Heroin dens are great places to do stomach crunches.
Heroin dens are great places to do stomach crunches.

And then there is Tobias, who is clearly a 30 year old high school student.  He’s the first one who knows that something is amiss.  He says “zombies” without actually saying it.  And what does he do?  Why, he shows up at high school – a high school with a metal detector at the entrance – with a paring knife.  A paring knife.  What was the plan there?  The best case scenario is exactly what happened: a concerned teacher pulls you aside, confiscates the knife and releases you into the school.  So now you’re knifeless in the school while a zombie threat shambles ever closer.  The worst case scenario is that the knife is confiscated and you are either arrested or released into the world, sans knife.  Now you’re out in the open with no weapons and a zombie horde on the horizon.  It’s a lose-lose situation.  If he knew zombies were coming, he would have grabbed a baseball bat, crowbar, machete and a bunch of canned food and run for the hills (or whatever).  Get out of L.A.  Don’t walk into school with a tiny knife.  The only person that benefits from that is the zombie, who will laugh his terrible laugh as your knife doesn’t come closer to penetrating the skull.

"I have to go now and do my taxes...I mean, study school things? Yes. Study school things."
“I have to go now and do my taxes…I mean, study school things? Yes. Study school things.”

Let’s talk zombie outbreak for a second.  I figure the entire first episode covers a minimum of two days.  During that time, we know that the zombies are among us.  We know a couple zombies escaped from the church.  We also know – both from The Walking Dead and from Calvin at the end of this episode – that everyone is infected.  If you die, you come back as a zombie.
Now that we’ve got that established…
The population of Los Angeles currently sits a little below 4 million people.  On an average day, roughly 170 people die.  That’s 340 over two days (not factoring in the fact that zombies would cause more deaths than that).  Congratulations!  You now have 340 zombies that no one knows about.  Once the apocalypse starts, it will roll over a big city like a tidal wave.  The fact that we know there are at least a few zombies on the loose means it’s not confined to just one part of the city.  I have a hard time believing that there are just a couple random attacks, only one of which has been filmed so far.  Large portions of the city would likely already be thrown into chaos.  (According to a simulation run on Zombietown USA, Los Angeles would be more or less overrun within 48 hours.)
For the record, the reason Rick was able to wake up alive is because the population of Cynthiana, KY is only a little over 6,000.  The fewer people in a town, the fewer zombies there are.  Come to Kentucky.
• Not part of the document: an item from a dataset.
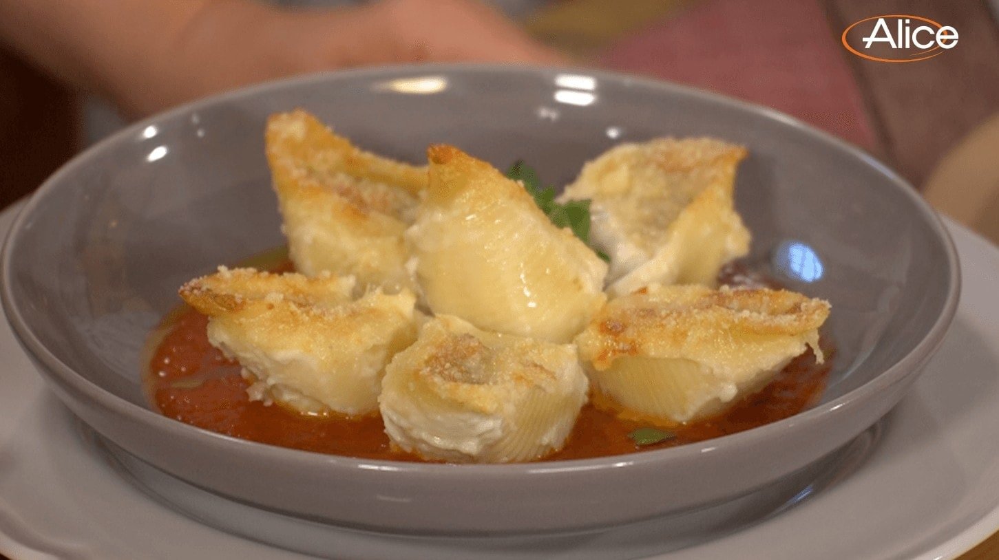 Main DishesHoliday Conchiglioni (Large Shell Pasta for Special Occasions)From the TV show "La Casa del Gusto" on Alice TV, let's prepare together Holiday Conchiglioni (Large Shell Pasta), a festive recipe by Patrizia Forlin!Difficulty MediumPreparation 1 hourCooking 4 hoursServings for 2 servings Send × Facebook Twitter Email Pinterest Save PrintStraight from the TV show “La Casa del Gusto” on Alice TV, let’s prepare together Holiday Conchiglioni by Patrizia Forlin!While the process of making this delicious dish is neither simple nor quick, if you have decent cooking experience, I’m sure you’ll be able to prepare this recipe with ease! The pasta that’s best suited for stuffing, conchiglioni (large pasta shells), is filled with delicious white wine-braised beef stew. Everything is then baked in the oven, enveloped in béchamel sauce and grated cheese. The special touch: it’s served deconstructed on a bed of tomato sauce and garnished with a fresh basil leaf.While the preparation is certainly demanding, the result is more than exceptional! My mouth is already watering!Note about ingredients: Conchiglioni are large shell-shaped pasta that can be found in Italian specialty stores or well-stocked supermarkets. If unavailable, you can substitute with jumbo pasta shells (sometimes labeled as “stuffing shells”). For the best results, use Italian brands like Barilla, De Cecco, or Garofalo.Ingredients for 2 servings250 gams of Conchiglioni1 liter of Bechamel Sauce50 gams of Grated CheeseFor the stew:1 kilogam of Veal Pulp250 gams of White Onions250 gams of Carrots250 gams of Celery200 milliliters of White Wine200 milliliters of Broth vegetableto taste of Extra Virgin Olive Oilto taste of Mixed Herbsto taste of Saltto taste of Black Pepper50 gams of Corn Starch1 Egg YolksFor serving:to taste of Tomato Sauceto taste of BasilCopy Ingredients ListOpen in AppMethodCut the beef into pieces of your desired size. Take a pot and start cooking the stew by browning the meat with a little olive oil. Then deglaze with white wine.Dice the carrots, celery, and onion and add them to the stew. Cook them and deglaze again with more white wine. Complete the cooking with broth for another 3-4 hours.Once the stew is cooked, mix cornstarch with cold water, stir and add it to the meat to thicken the stew. Cook again briefly.Beat an egg and, with the heat turned off, add it to the stew. Separately, cook the conchiglioni pasta (large shell-shaped pasta) being careful not to overcook. Mince all the stew mixture, put it in a piping bag and fill the pasta shells.Take a baking dish and create a thick layer of béchamel sauce on the bottom, place the filled conchiglioni on top, cover them with more béchamel sauce and then sprinkle generously with grated cheese.Bake in the oven at 160°C (320°F) for about 30 minutes. You can serve your Festive Conchiglioni as they are, or you can take a deep plate, create a base of tomato sauce, arrange the Conchiglioni individually in a flower pattern inside the plate, and finally garnish with a basil leaf. Finally, remember to download our App with exclusive content and fewer ads!Comments ★ ★ ★ ★ ★ × 5 / 5 You need to enable JavaScript to vote Cancel reply Leave a comment

Survive the zombie apocalypse.  But not too many of you.  I don’t need you blowing up my spot.

But I assume L.A. will soon be overrun, so we can all be thankful for that.

I'm really looking forward to Fear The Benny & Joon.
I’m really looking forward to Fear The Benny & Joon.

Random thoughts:

– Loved the blood on the piano in the opening scene.  Seemed like something Neko Case would write a beautiful song on.
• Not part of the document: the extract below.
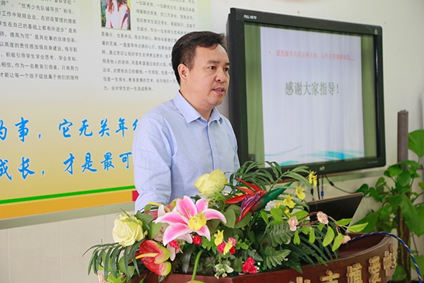 隨后,由文體教育局梁添帶書記發言。梁書記對“尋道”班主任工作室的成立表示祝賀,并指出:班主任工作室的成立對于提升學校班主任隊伍管理能力的重要性,希望班主任工作室各成員能夠明確職責,傳播先進的班級管理經驗和方法,充分發揮班主任工作室的示范、引領、輻射、指導作用,當好學校班主任隊伍中的“發動機”。

– The “I just threw up in my mouth a little,” joke has run its course.  The delivery here was particularly painful.

– “If there’s a problem, we would know about it.  The authorities would tell us.”  We all know that authorities would give the zombie outbreak an unfamiliar disease name (like, say, SARS) and cover it up as quickly as possible.
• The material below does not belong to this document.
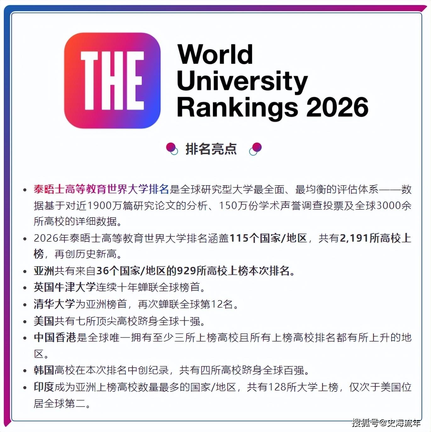 2026年THE排名中的突破,标志着中国高等教育已进入全球竞争的中上游阵营。但从“大而强”到“精而优”的跨越,仍需在特色发展、国际化深化、成果转化与治理改革等方面持续发力。随着中国高等教育质量的系统性提升,未来必将在全球学术版图中占据更重要的位置。返回搜狐,查看更多

– I admire Travis’ bravery in going into a dark heroin den by himself, but I condemn his stupidity.  He took no weapons.  He yelled, “Is anyone there,” after he already saw blood.  Tense scene, but driven by the bad decisions of a character.  (I don’t really admire his bravery.)

– “[Jack] London tries to teach us how not to die.”  It’s like someone slapping you in the face.  “Survival.  Get it?!  Cuz zombies?!  And literature?!  It’s smart.  We’re smart.”

"Did you get it?  That guy got it."
“Did you get it? That guy got it.”

– There is not a chance in hell that a nurse would ever untie a patient’s restraint.  “Well, he said he had to pee really bad and I felt bad for him.  It’s not like I thought he could actually free his other hand in the process.  How would I know that?”